Thursday, June 16, 2005

The thin chalk line.

Spent most of the day so far sitting at my local cafe correcting VCE work listening to Eyehategod and Arab on Radar on my discman and to other table's conversations. There was this family birthday lunch taking place which seemed to represent every negative stereotype of my current locale. The whole family smoked including their youngest daughter (who couldn't have been more than 13) and mummy was supplying the cigs. They were having an extremely distracting conversation, a conversation that has solidified in my mind the meaning of the word bogan. Inbetween complaints against multicultural Australia they exchanged gossip... forget work the VB and mullet hair cuts this is what it is all about!

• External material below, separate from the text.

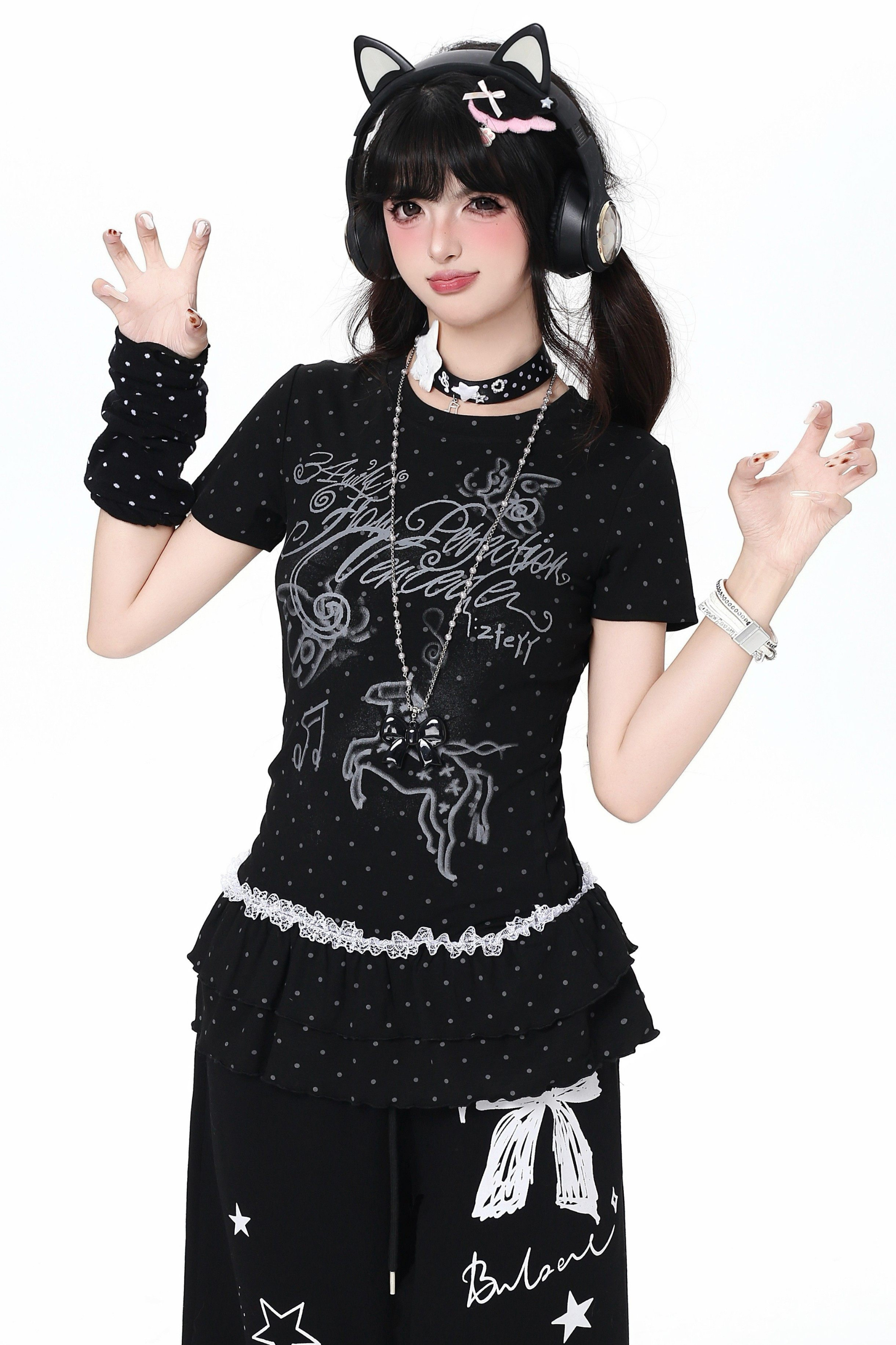 ❤ Polka Dot Ruffle Slim-Fit Top ❤

They discussed who of the daughters' friends was into self harm, who was annorexic or bulemic, who had parents into hard drugs, dole-bludging, cheating their partner and neglect of their responsibilities. Being a bogan is more than just a pair of tracksuit pants for every occaision or a cigarette brand that boxes their product in 50 packs, it is a lifestyle. Bogans are the unsung heros of counter-culture, self destructive, drug addled, dropped out and sex mad. They embody everything Tim Leary spoke out for gone wrong.

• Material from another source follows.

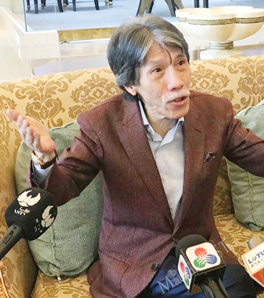 Macau Legend Development’s then co-chairman David Chow Kam Fai speaks to reporters at Macau Fisherman’s Wharf on the sidelines of the 2018 annual general meeting of his company yesterday on May 30, 2018. – Photo courtesy of TDM

As I sat there distracted drowning in work, pen in hand something of the irony of my own situation also became glaringly obvious to me. Like all the cliches about the nuthouse where the only thing seperating the doctors from the patients is a white coat, I started to understand that all that seperates the teachers from the students is the direction they face in relation to the whiteboard. I am a conditioned institutional animal: like Pavlov's dogs a bell rings and I come running, I take my homework home each night and I eat a packed lunch of cut sandwiches, my students and I live mirror image lives.


There is an imaginary chalk line drawn through the middle of every classroom or as a student of mine put it last year-





"It's the kids who really run this school, we just let the teachers feel that they have control but it's in our hands and there's nothing you can do."